(Stored records)
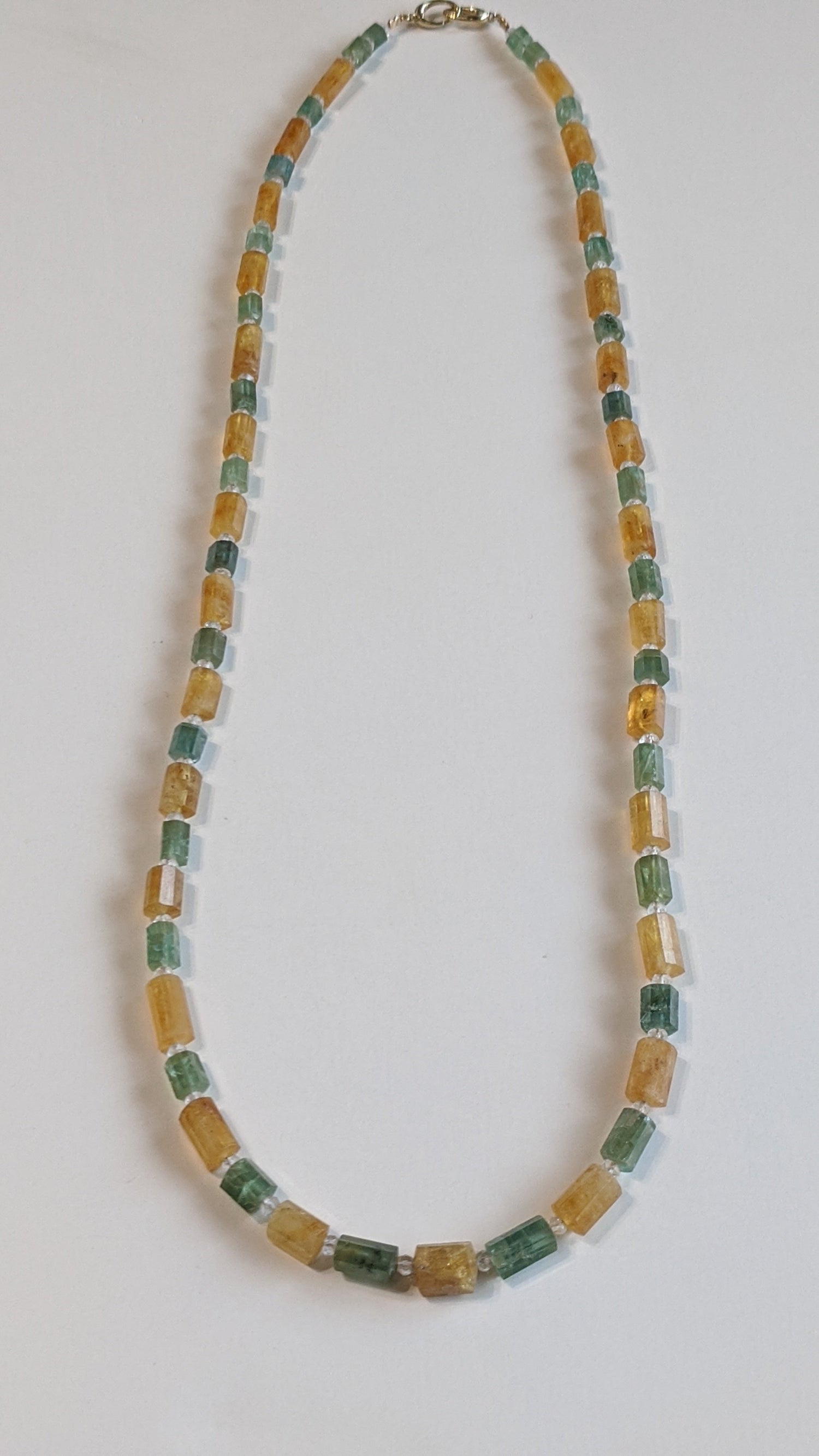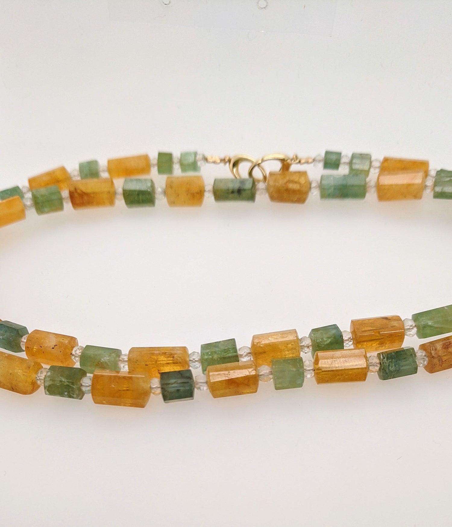 Citrine and Green Beryl rough cut beads with faceted white quartz and a 14K yellow gold clasp. Approx. 26"
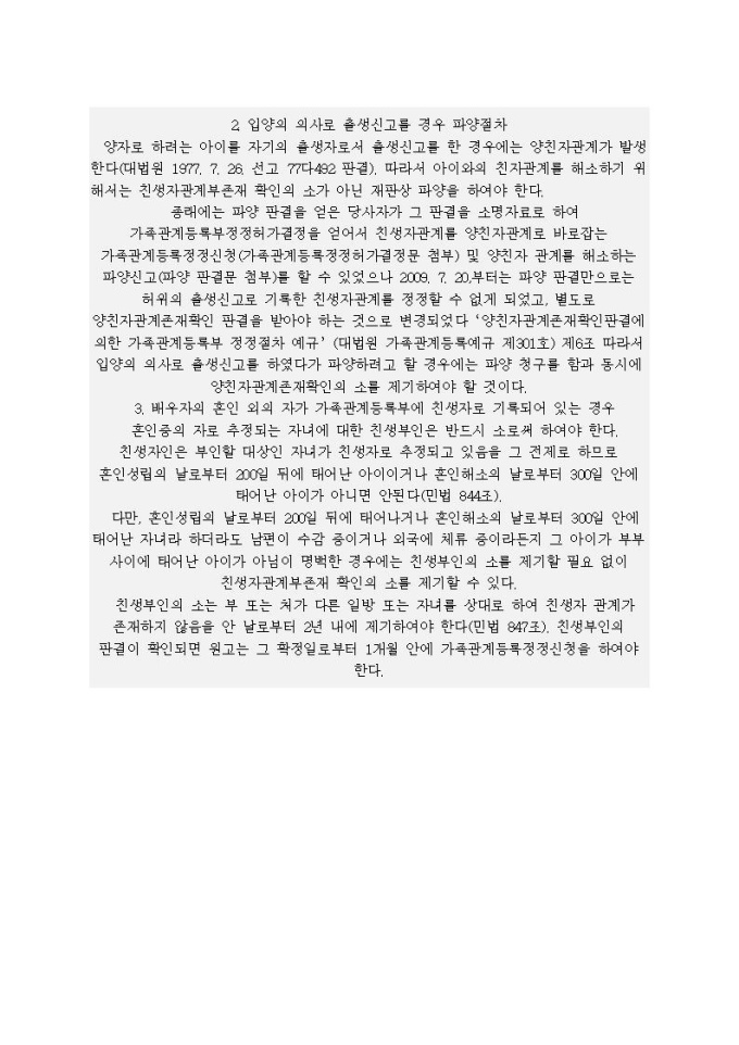 친생자관계 부존재확인 청구의 소장(자녀가 없는 관계로 입적)입니다.
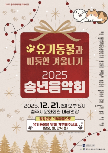 [뉴스노크=김인호 기자] 충주문화관광재단은 오는 12월 21일 오후 5시, 충주시문화회관 대공연장에서 '유기동물과 따듯한 겨울나기 2025 송년음악회'를 개최한다.
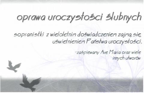 Sopranistki z wieloletnim doświadczeniem oraz pasją zaśpiewają Ave Maria i wiele innych utworów, uświetniając uroczystość Waszych zaślublin. Oferujemy zarówno partie solowe, jak i wykonania w duecie oraz tercecie.
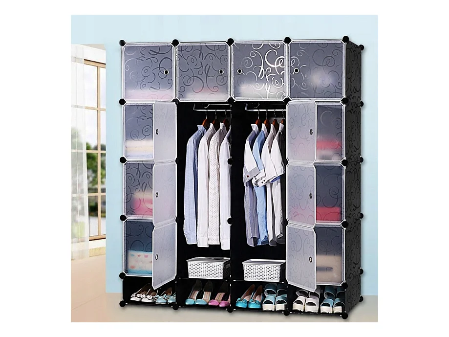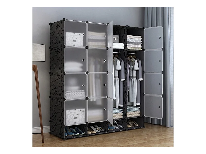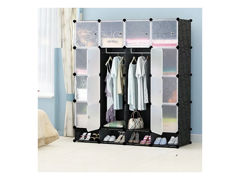Grande armoire modulaire étagère penderie xxl noir haute capacitive
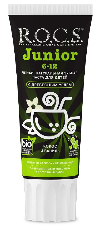 Натуральная высокоминерализованная зубная паста R.O.C.S. Junior BLACK «Кокос и Ваниль» разработана специально для детей в возрасте от 6 до 12 лет. Она содержит богатый набор полезных микроэлементов, и обеспечивает качественный уход за ротовой полостью в период смены молочных на постоянные зубы. Содержит натуральный черный древесный уголь для здоровья и естественной белизны улыбки.
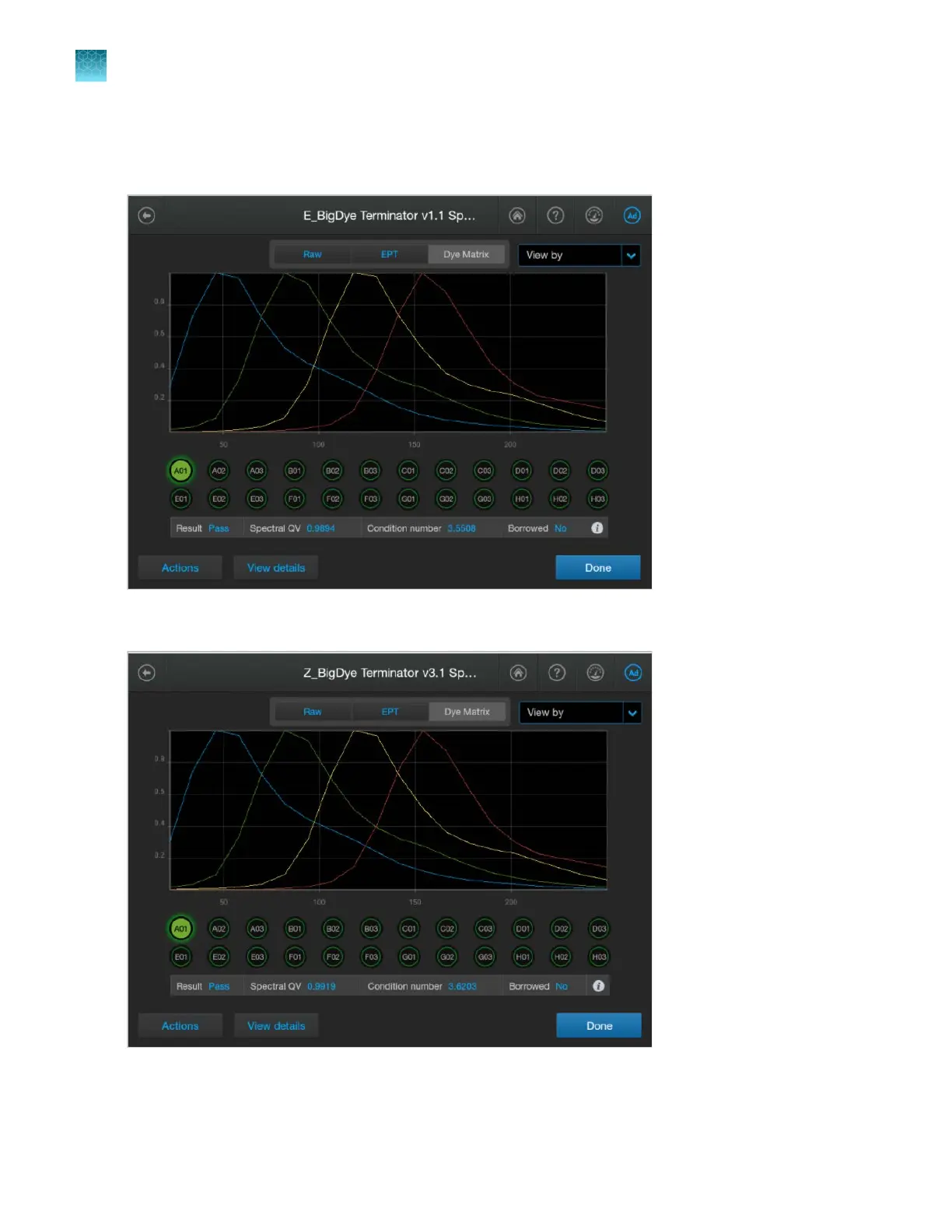 Dye set Z generated from a sequencing install run (dye matrix view)
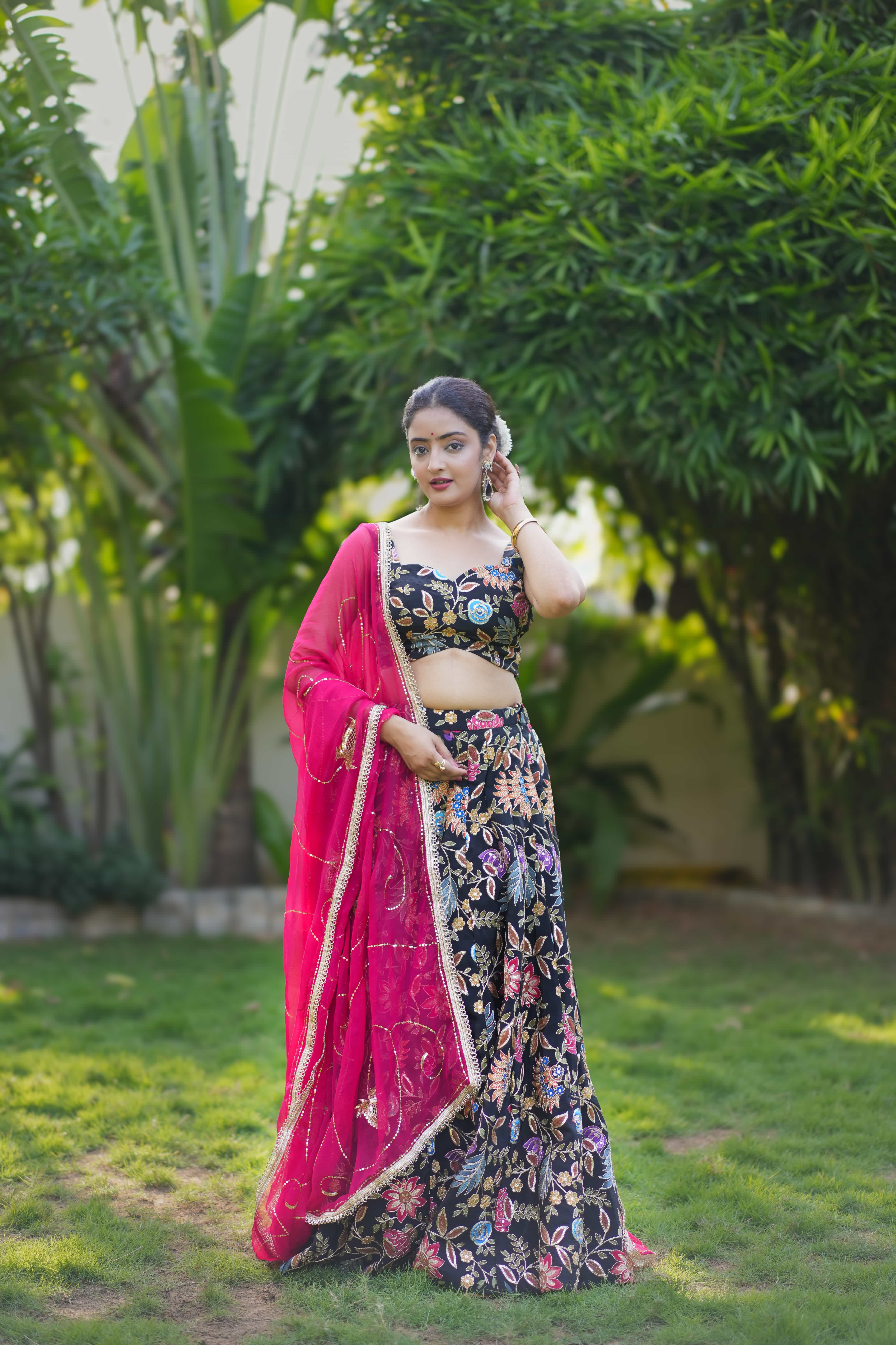 classy and bold aesthetics. Straight out of fresh festive collection this black multicolor lehenga
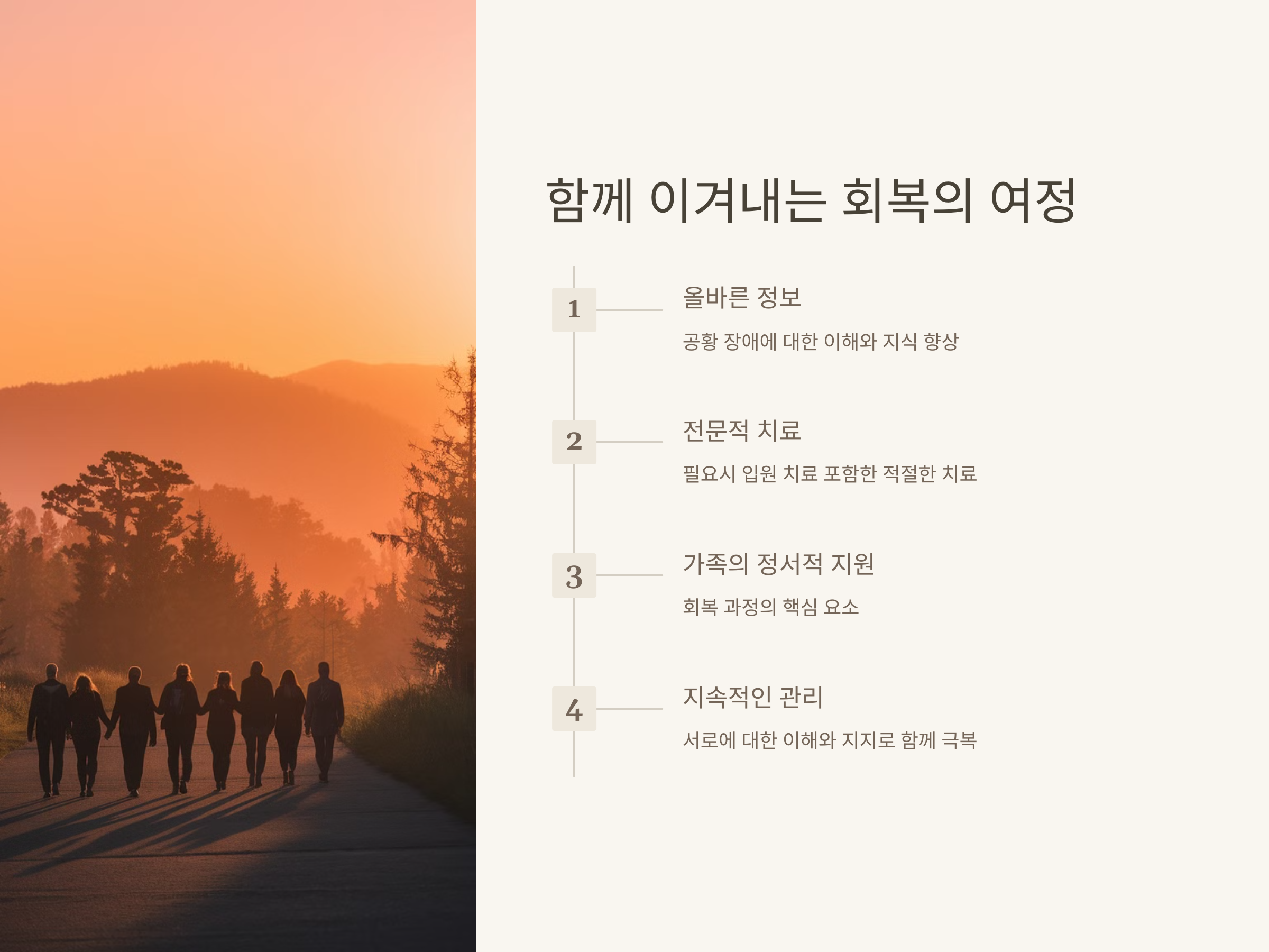공황 장애는 환자와 가족 모두에게 도전적인 질환이지만, 올바른 정보와 지원을 통해 극복할 수 있습니다. 입원 치료는 특정한 상황에서 고려되며, 가족의 정서적 지원은 환자의 회복에 큰 힘이 됩니다. 서로에 대한 이해와 지지를 바탕으로 함께 이겨내시길 바랍니다.
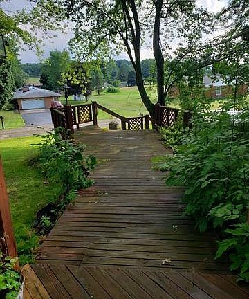 Brick ranch on over a half acre lot in Utica. Over 1500 Sq. Ft., 3 bedrooms, 2 baths, 2 car garage. Hardwood floors, tongue and groove wood walls and gas log fireplace. Exterior features mature trees, multi-level deck and rear patio with hot tub.

- _INSTRUCTIONS TO FOLLOW_: The answer must be the lines above, word for word, from the first one through the line with "Grande armoire modulaire", pictures excluded.

- _SOLUTION TO THIS EXERCISE_:
 Citrine and Green Beryl rough cut beads with faceted white quartz and a 14K yellow gold clasp. Approx. 26"
 친생자관계 부존재확인 청구의 소장(자녀가 없는 관계로 입적)입니다.
 [뉴스노크=김인호 기자] 충주문화관광재단은 오는 12월 21일 오후 5시, 충주시문화회관 대공연장에서 '유기동물과 따듯한 겨울나기 2025 송년음악회'를 개최한다.
 Sopranistki z wieloletnim doświadczeniem oraz pasją zaśpiewają Ave Maria i wiele innych utworów, uświetniając uroczystość Waszych zaślublin. Oferujemy zarówno partie solowe, jak i wykonania w duecie oraz tercecie.
Grande armoire modulaire étagère penderie xxl noir haute capacitive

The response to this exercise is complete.